Records provided START
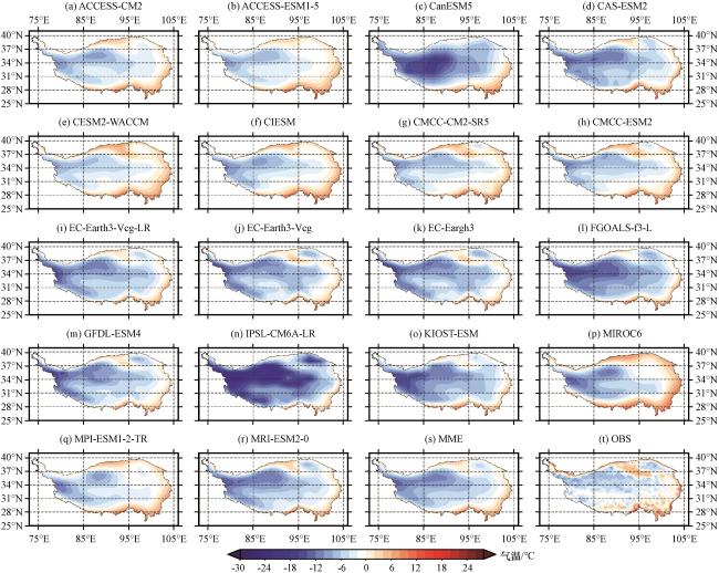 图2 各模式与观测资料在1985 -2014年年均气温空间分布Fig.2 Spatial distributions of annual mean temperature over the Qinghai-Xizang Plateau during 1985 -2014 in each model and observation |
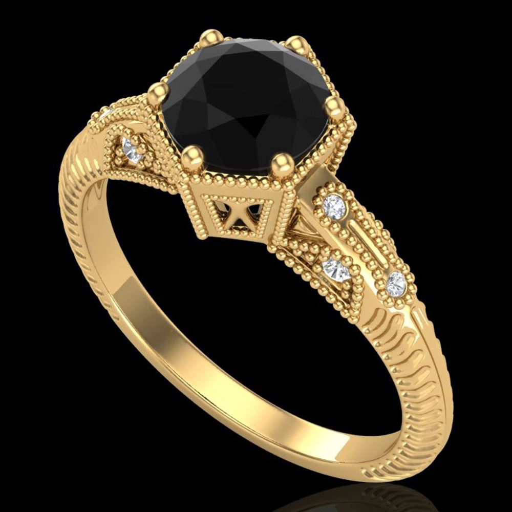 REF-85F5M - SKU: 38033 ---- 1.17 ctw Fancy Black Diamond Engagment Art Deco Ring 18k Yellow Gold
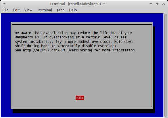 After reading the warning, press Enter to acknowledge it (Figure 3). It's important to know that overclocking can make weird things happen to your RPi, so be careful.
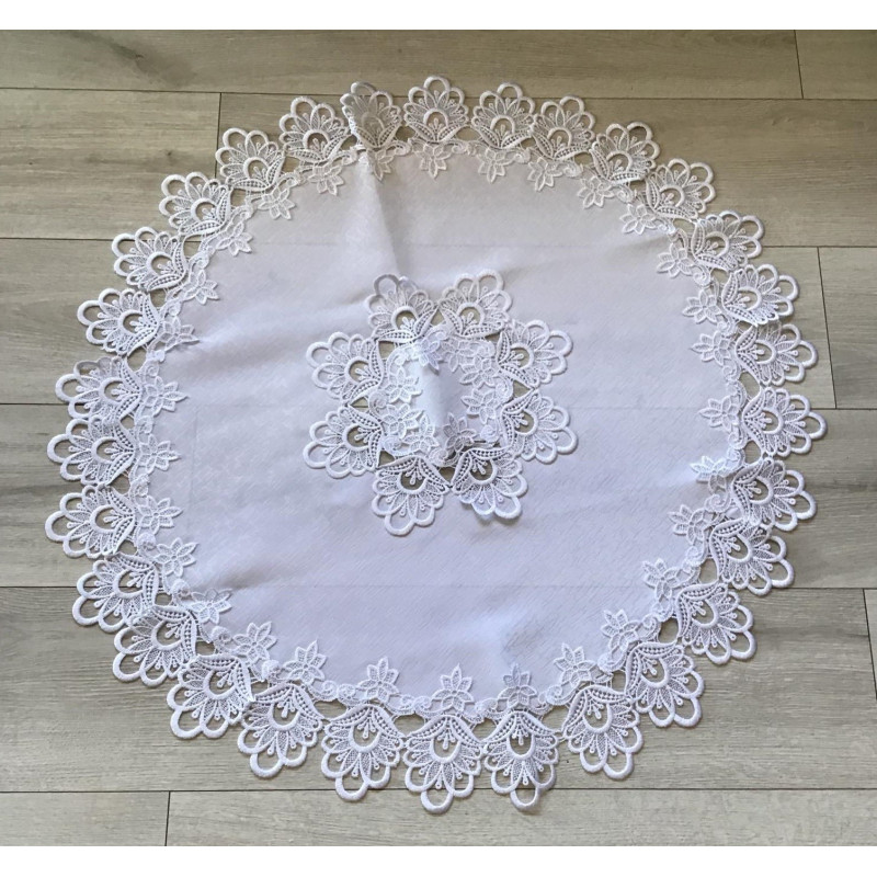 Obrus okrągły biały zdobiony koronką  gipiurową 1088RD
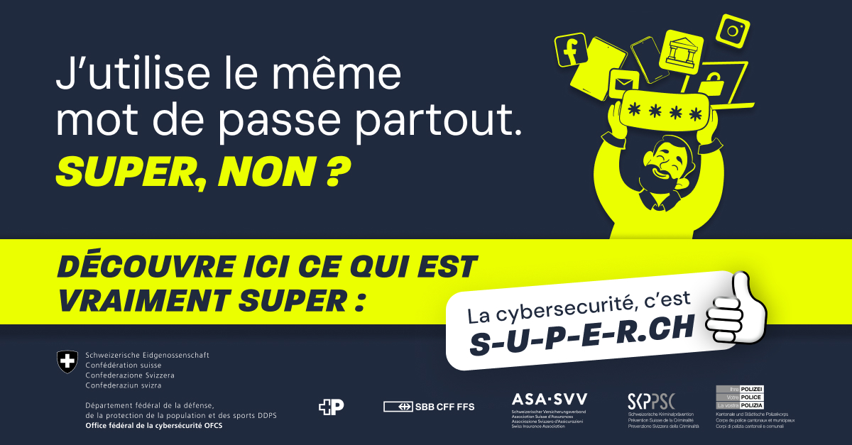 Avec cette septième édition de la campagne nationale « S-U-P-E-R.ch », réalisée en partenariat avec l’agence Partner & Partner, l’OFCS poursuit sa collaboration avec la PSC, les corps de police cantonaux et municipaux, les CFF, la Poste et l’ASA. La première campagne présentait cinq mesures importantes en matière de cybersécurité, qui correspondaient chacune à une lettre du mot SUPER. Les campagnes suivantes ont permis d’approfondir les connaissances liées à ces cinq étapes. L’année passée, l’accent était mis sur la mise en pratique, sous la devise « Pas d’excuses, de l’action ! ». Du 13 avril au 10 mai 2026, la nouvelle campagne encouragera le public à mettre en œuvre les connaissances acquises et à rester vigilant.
Records provided END
What the task asks >> The data above should be set down again exactly, with the pictures omitted.

Response box >>
 图2 各模式与观测资料在1985 -2014年年均气温空间分布Fig.2 Spatial distributions of annual mean temperature over the Qinghai-Xizang Plateau during 1985 -2014 in each model and observation |
 REF-85F5M - SKU: 38033 ---- 1.17 ctw Fancy Black Diamond Engagment Art Deco Ring 18k Yellow Gold
 After reading the warning, press Enter to acknowledge it (Figure 3). It's important to know that overclocking can make weird things happen to your RPi, so be careful.
 Obrus okrągły biały zdobiony koronką  gipiurową 1088RD
 Avec cette septième édition de la campagne nationale « S-U-P-E-R.ch », réalisée en partenariat avec l’agence Partner & Partner, l’OFCS poursuit sa collaboration avec la PSC, les corps de police cantonaux et municipaux, les CFF, la Poste et l’ASA. La première campagne présentait cinq mesures importantes en matière de cybersécurité, qui correspondaient chacune à une lettre du mot SUPER. Les campagnes suivantes ont permis d’approfondir les connaissances liées à ces cinq étapes. L’année passée, l’accent était mis sur la mise en pratique, sous la devise « Pas d’excuses, de l’action ! ». Du 13 avril au 10 mai 2026, la nouvelle campagne encouragera le public à mettre en œuvre les connaissances acquises et à rester vigilant.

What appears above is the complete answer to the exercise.